Sejak memasuki fase erupsi pada 4 Januari 2021, Hanik memperkirakan ke depan awan panas guguran yang meluncur dari Gunung Merapi intensitasnya fluktuatif.

"Mungkin bisa lebih intens, tetapi juga bisa berkurang," kata dia.

Saksikan video pilihan di bawah ini:


Level III atau Siaga

Sementara itu, berdasarkan penilaian probabilitas erupsi Gunung Merapi, ia menyebutkan sampai saat ini probabilitas tertinggi masih erupsi efusif dengan persentase mencapai 43 persen.

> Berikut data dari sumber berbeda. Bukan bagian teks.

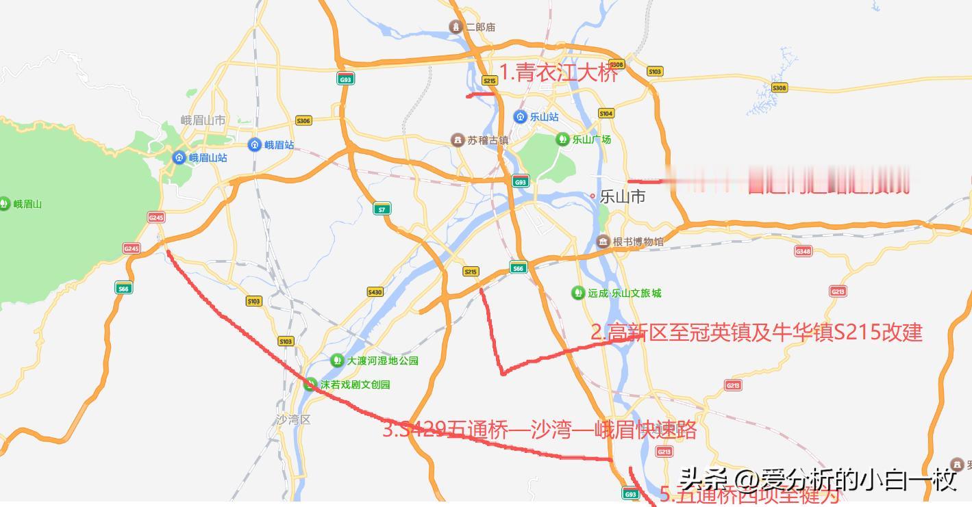 3 . 省道429线(五通桥-沙湾-峨眉方向)• 基本路线:S429省道规划为连接五通桥区、沙湾区和峨眉山市的交通要道,但目前相关连贯建设还处于论证和规划阶段。正在纳入“十五五”交通规划。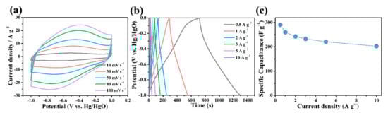 Figure 6a shows the CV curve of B/S-SCS-1 at different scan rates; it can be observed from this figure that the B/S-SCS-1 electrode exhibited a broad peak in the potential range of −1 to 0 V, which suggests that the existence of superficial hetero atoms in large numbers is conducive to the formation of significant pseudocapacitance. There are two possible causes for these phenomena. On the one hand, a greater number of active heteroatoms (especially B, S) not only increase pseudocapacitance but also expose more ions on the hydrophilic surface while expanding the area of the CV ring. On the other hand, the three-dimensional porous structure promotes the conduction of electrons and improves the charge transfer []. Figure 6b shows the GCD diagram of B/S-SCS-1 at varying current densities. At each level of current density, the constant current charge–discharge curve corresponded to the CV curve, despite a slight deformation and a quasi-symmetrical triangle, indicating the reliable reversibility and the existence of both EDLC and pseudocapacitance. In addition, the ratio capacitances of the B/S-SCS-1 electrode diminished with the elevation of the current density, as shown in Figure 6c, which results from the reinforced diffusional limitation and lesser ionic transport time under the increased current density []. B/S-SCS-1 showed a maximum ratio capacitance of 290.7 F g−1 at 0.5 A g−1 and exhibited an even higher capacitor retention of 70%, even at 10 A g−1, suggesting a remarkable performance. The electrochemical performance of B/S-SCS-1 is also extremely excellent compared with previous research works (Table 2). It can thus be inferred that the heteroatom-rich electrode can not only help enhance pseudocapacitance but also improve the contact probabilities between the electrode and the electrolyte, thus ensuring a large effective surface for charge storage. Ultimately, an excellent rate of performance can be achieved for the electrode.

Kendati demikian, erupsi eksplosif masih memungkinkan terjadi dengan persentase 20 persen, disusul probabilitas 18,8 persen untuk crypto eksplosif, dan 17,9 persen intrusi.

Dalam sepekan (15-21 Januari) BPPTKG mencatat guguran lava pijar teramati sebanyak 282 kali dengan jarak luncur maksimal 1.000 meter arah barat daya ke hulu Kali Krasak dan Kali Boyong.

Sedangkan awan panas guguran terjadi sebanyak 19 kali dengan jarak luncur maksimal 1.800 meter arah barat daya dan terekam pada seismogram dengan amplitudo maksimal 60 mm dan durasi 209 detik.

BPPTKG menyimpulkan aktivitas vulkanik Gunung Merapi masih cukup tinggi berupa aktivitas erupsi efusif.

Status Gunung Merapi masih dipertahankan pada Level III atau Siaga dengan potensi bahaya saat ini berupa guguran lava dan awan panas pada sektor selatan-barat daya meliputi sungai Boyong, Bedog, Krasak, Bebeng, dan Putih sejauh maksimal 5 kilometer.

Sedangkan apabila terjadi letusan eksplosif, lontaran material vulkanik dapat menjangkau radius 3 km dari puncak.